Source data

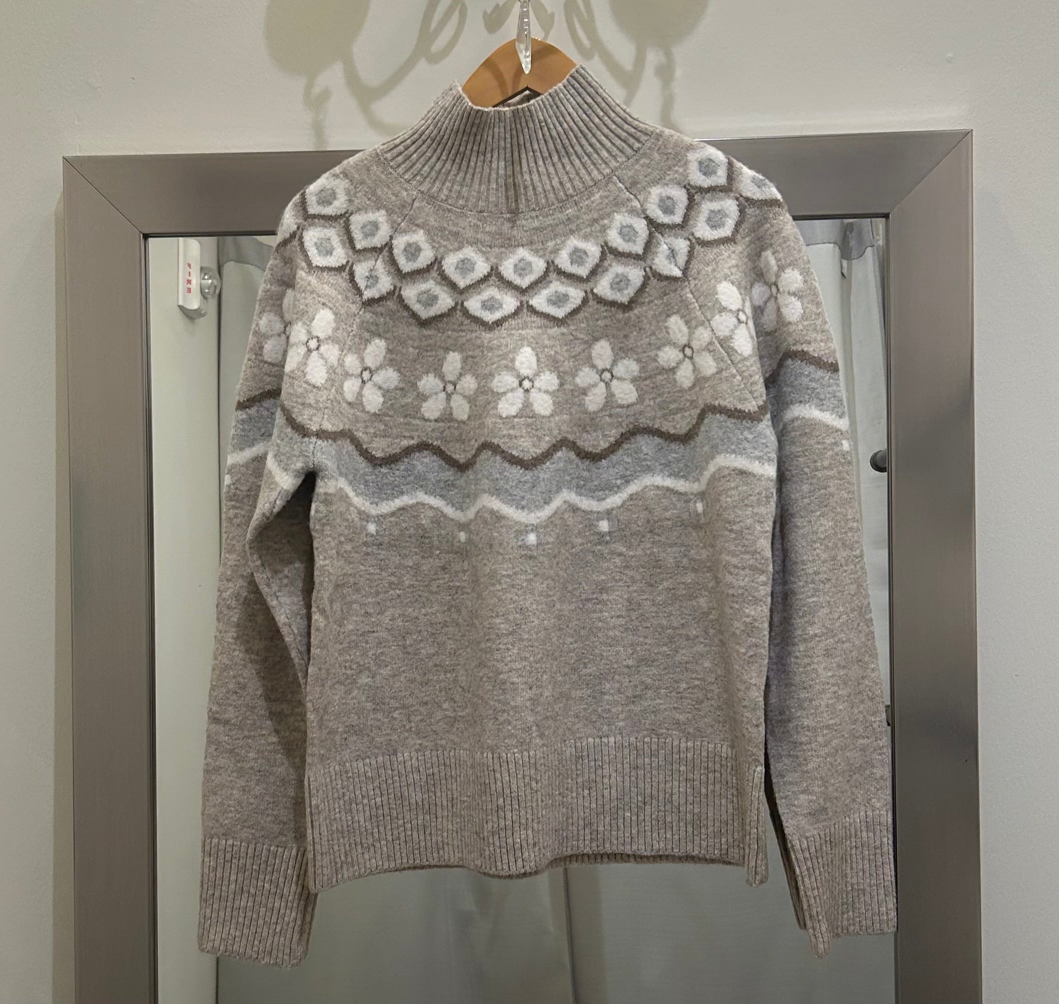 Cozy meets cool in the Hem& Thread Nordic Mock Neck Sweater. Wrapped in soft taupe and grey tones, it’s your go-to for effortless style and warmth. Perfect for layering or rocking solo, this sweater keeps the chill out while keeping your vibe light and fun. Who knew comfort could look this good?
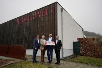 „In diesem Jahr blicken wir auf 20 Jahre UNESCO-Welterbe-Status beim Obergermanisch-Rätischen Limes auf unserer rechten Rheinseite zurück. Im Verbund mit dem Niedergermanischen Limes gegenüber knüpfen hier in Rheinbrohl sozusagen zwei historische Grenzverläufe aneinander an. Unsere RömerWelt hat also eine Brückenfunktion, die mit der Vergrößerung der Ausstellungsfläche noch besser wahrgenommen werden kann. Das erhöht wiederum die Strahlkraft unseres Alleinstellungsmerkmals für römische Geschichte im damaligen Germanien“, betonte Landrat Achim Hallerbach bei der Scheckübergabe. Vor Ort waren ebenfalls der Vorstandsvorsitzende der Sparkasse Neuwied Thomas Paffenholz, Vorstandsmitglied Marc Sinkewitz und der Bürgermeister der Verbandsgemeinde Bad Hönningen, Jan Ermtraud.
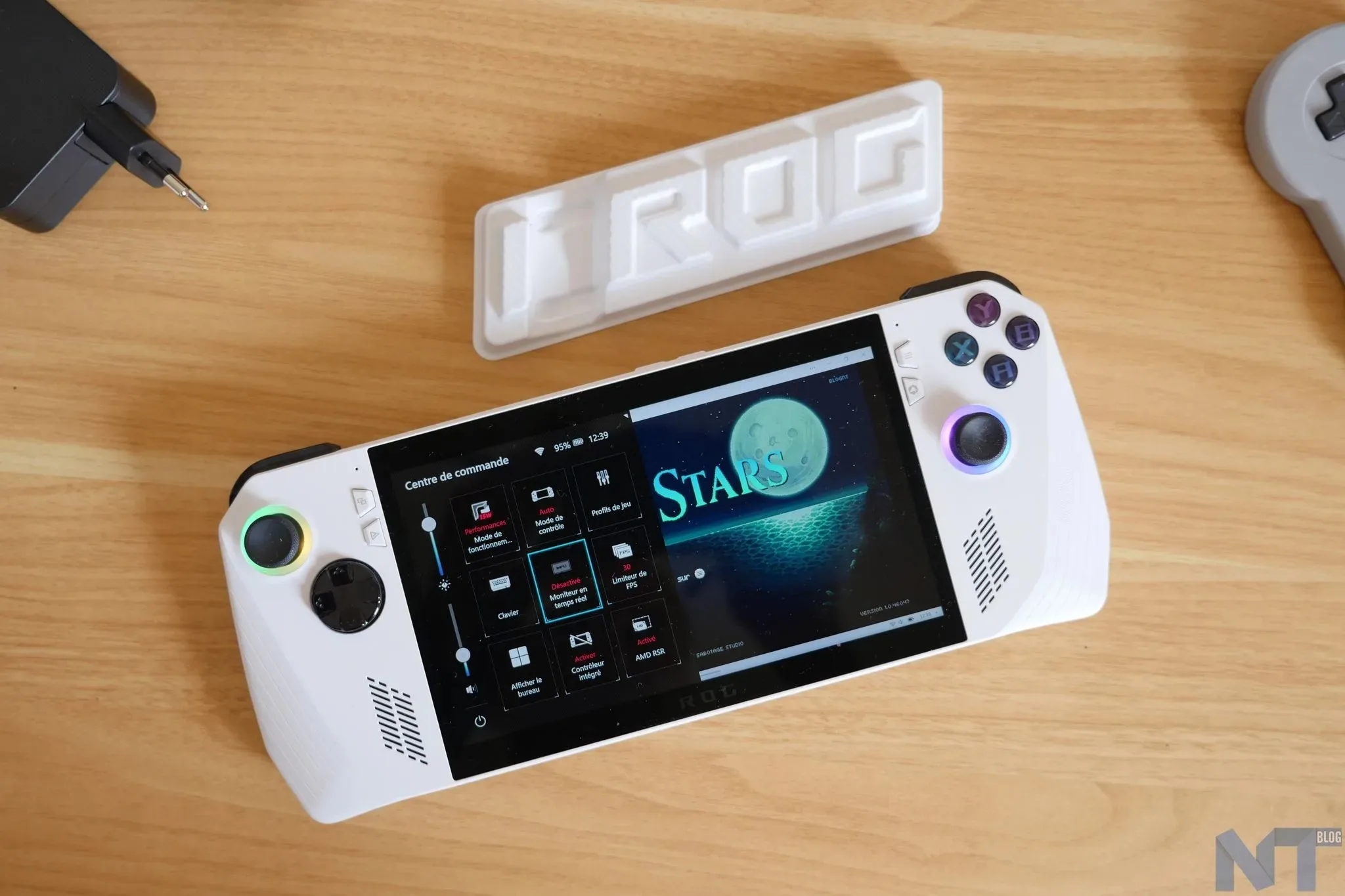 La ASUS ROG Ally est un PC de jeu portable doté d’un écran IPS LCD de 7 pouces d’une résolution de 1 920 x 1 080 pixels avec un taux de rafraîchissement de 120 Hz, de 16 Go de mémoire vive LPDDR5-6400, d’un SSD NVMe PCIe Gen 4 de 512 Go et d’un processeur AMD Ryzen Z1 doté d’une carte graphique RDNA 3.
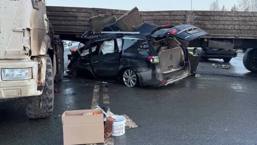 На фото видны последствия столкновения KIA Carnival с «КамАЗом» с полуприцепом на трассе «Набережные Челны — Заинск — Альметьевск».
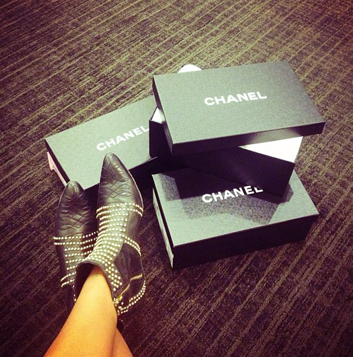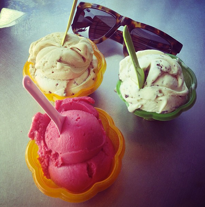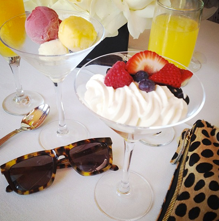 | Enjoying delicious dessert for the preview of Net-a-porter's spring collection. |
* * *
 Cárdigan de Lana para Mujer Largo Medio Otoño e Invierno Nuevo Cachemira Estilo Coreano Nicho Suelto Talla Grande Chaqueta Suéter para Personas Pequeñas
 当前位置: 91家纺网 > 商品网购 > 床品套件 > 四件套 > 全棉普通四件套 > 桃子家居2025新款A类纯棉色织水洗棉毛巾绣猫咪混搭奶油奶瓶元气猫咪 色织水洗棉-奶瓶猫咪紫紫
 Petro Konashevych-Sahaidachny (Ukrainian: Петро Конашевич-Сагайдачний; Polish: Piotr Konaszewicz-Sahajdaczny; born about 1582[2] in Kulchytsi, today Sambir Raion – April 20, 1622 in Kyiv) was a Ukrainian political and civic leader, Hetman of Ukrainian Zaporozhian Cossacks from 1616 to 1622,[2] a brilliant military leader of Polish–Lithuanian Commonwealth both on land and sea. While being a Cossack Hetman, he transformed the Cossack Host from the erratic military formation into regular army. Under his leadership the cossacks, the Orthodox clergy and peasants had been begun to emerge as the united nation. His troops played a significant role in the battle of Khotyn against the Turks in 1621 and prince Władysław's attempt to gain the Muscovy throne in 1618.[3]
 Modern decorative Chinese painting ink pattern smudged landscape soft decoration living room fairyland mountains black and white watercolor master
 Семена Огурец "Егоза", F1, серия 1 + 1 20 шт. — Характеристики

WHAT YOU WILL DO — Above are the records; copy from them only the lines starting at the one containing "На фото видны" and ending at the one containing "spring collection. |", exactly and without pictures.

ANSWER BOX —
 На фото видны последствия столкновения KIA Carnival с «КамАЗом» с полуприцепом на трассе «Набережные Челны — Заинск — Альметьевск».
 | Enjoying delicious dessert for the preview of Net-a-porter's spring collection. |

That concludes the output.